Le Ministère public ne remet pas en cause les conditions de fond prévues par l’article 21-12 du code précité mais estime que l’état civil de l’appelant n’est pas fiable, faute de légalisation correcte de son acte de naissance.
Conformément aux dispositions de l’article 30 du code civil, lorsque l’individu qui revendique la nationalité française n’est pas titulaire d’un certificat de nationalité française, la charge de la preuve de sa nationalité lui incombe.
En l’espèce, l’appelant n’étant pas titulaire d’un certificat de nationalité française, doit rapporter la preuve qu’il remplit les conditions pour prétendre à la nationalité française. Il doit également produire des pièces d’état civil fiable.

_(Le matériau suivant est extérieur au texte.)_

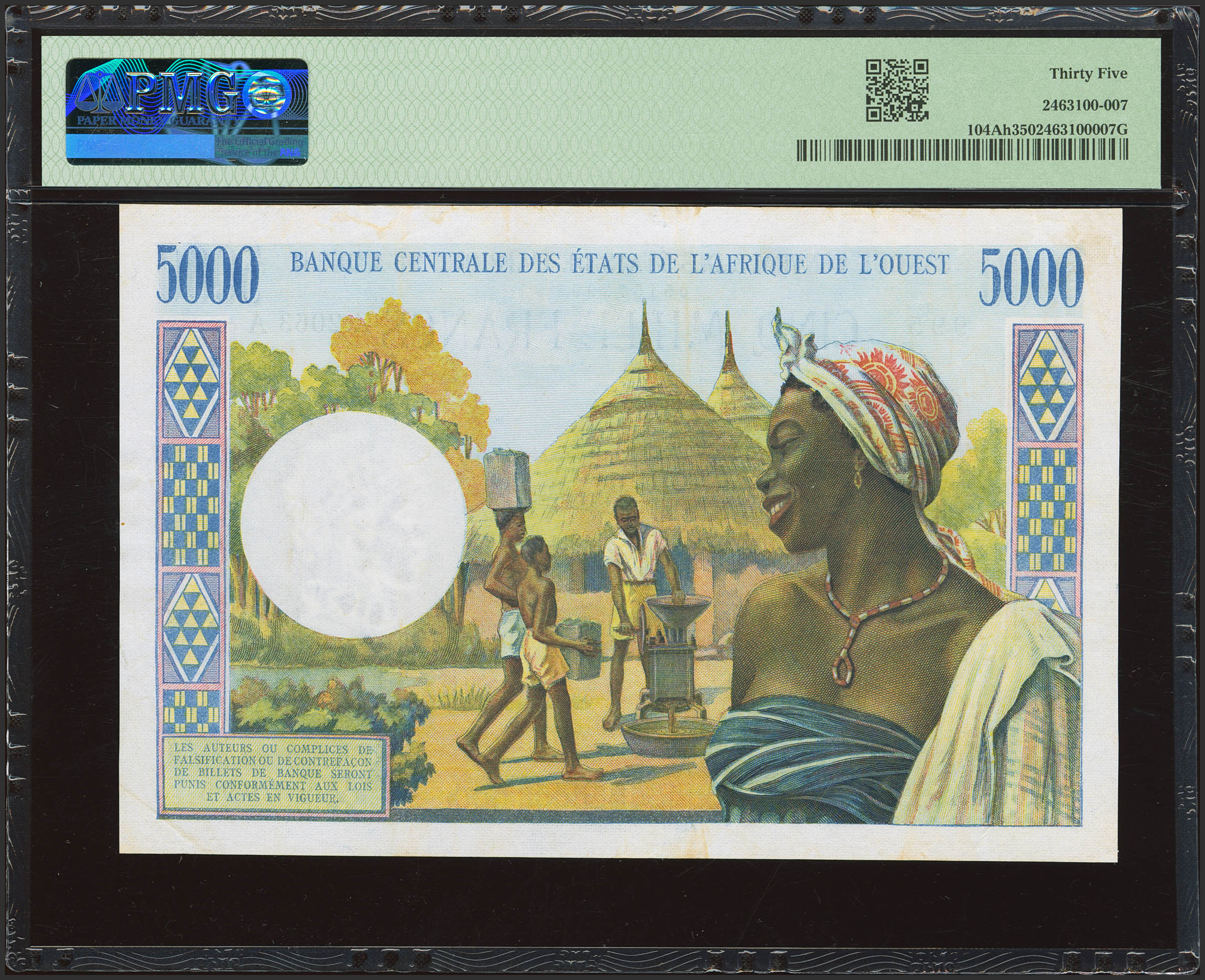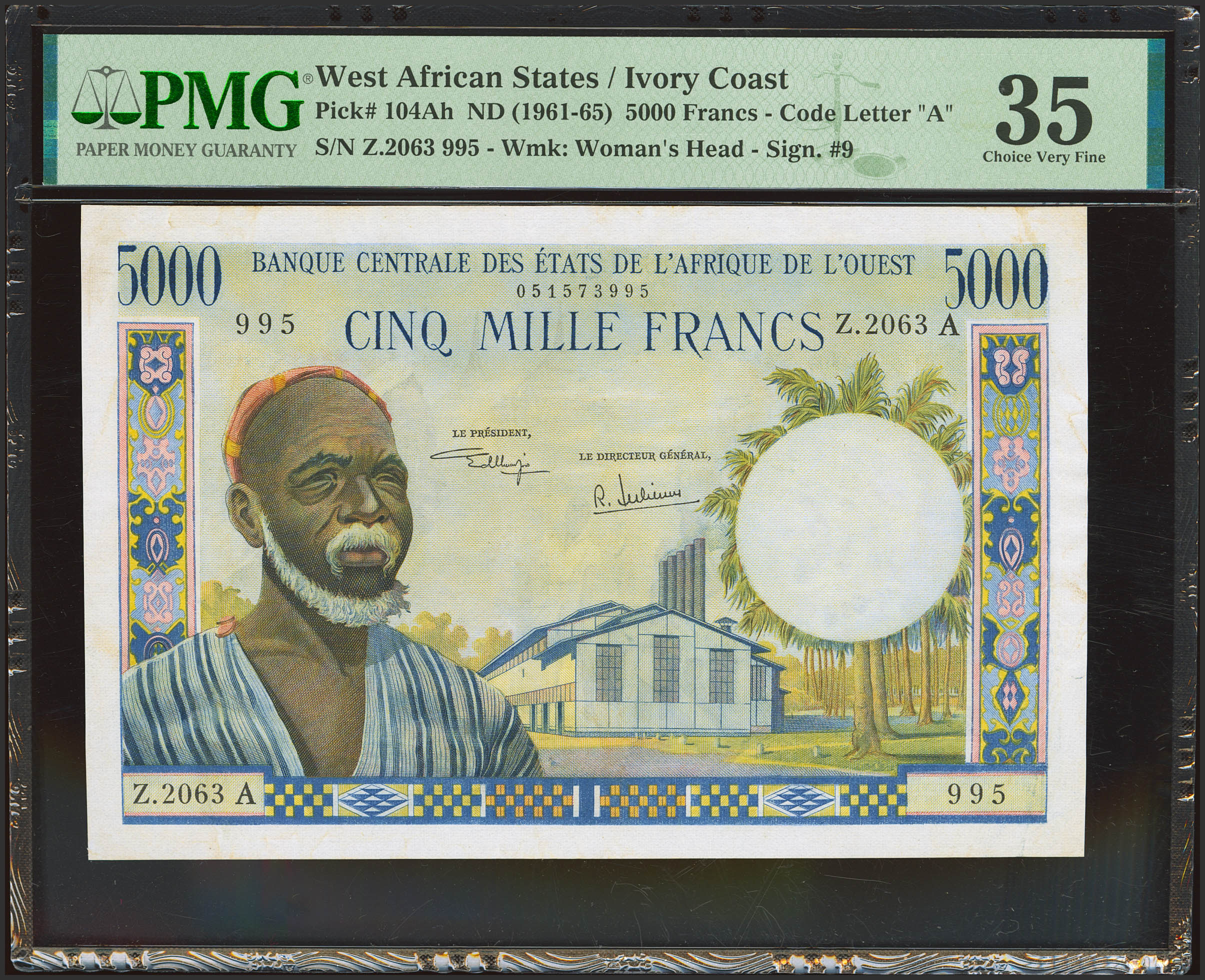 WEST AFRICAN STATES. 5000 Francs. (1960ca). Banque Centrale des Etats de l'Afrique de l'Ouest. Ivory Coast. Signatures of Edem Kojo and R. Julienne. (Pick: 104Ah). PMG35.

En effet, nul ne peut se voir reconnaître de nationalité française à quelque titre que ce soit, s’il ne justifie d’un état civil fiable et certain par la production d’une copie intégrale de son acte de naissance en original répondant aux exigences de l’article 47 du code civil aux termes duquel « tout acte de l’état civil des Français et des étrangers fait en pays étranger et rédigés dans les formes usitées dans ce pays fait foi, sauf si d’autres actes ou pièces détenus, des données extérieures ou des éléments tirés de l’acte lui-même établissent, le cas échéant après toutes vérifications utiles que cet acte est irrégulier, falsifié ou que les faits qui y sont déclarés ne correspondent pas à la réalité. »
En outre, il résulte de la coutume internationale que sauf convention contraire, les actes publics étrangers ne peuvent produire effet en France que s’ils sont légalisés. Ce principe a été repris par l’article 16 II de la loi n°2019-222 du 23 mars 2019 de programmation 2018-2022 et de réforme pour la Justice ainsi que le décret n°2020-1370 du 10 novembre 2020. Aucune convention de dispense de légalisation des actes publics n’a été signée entre la France et le Bangladesh, de telle sorte que les actes publics bangladais ne sont recevables en France que s’ils sont revêtus d’une légalisation valide.
Seule l’ambassade de France au Bangladesh ou l’ambassade du Bangladesh en France sont habilitées à légaliser un acte.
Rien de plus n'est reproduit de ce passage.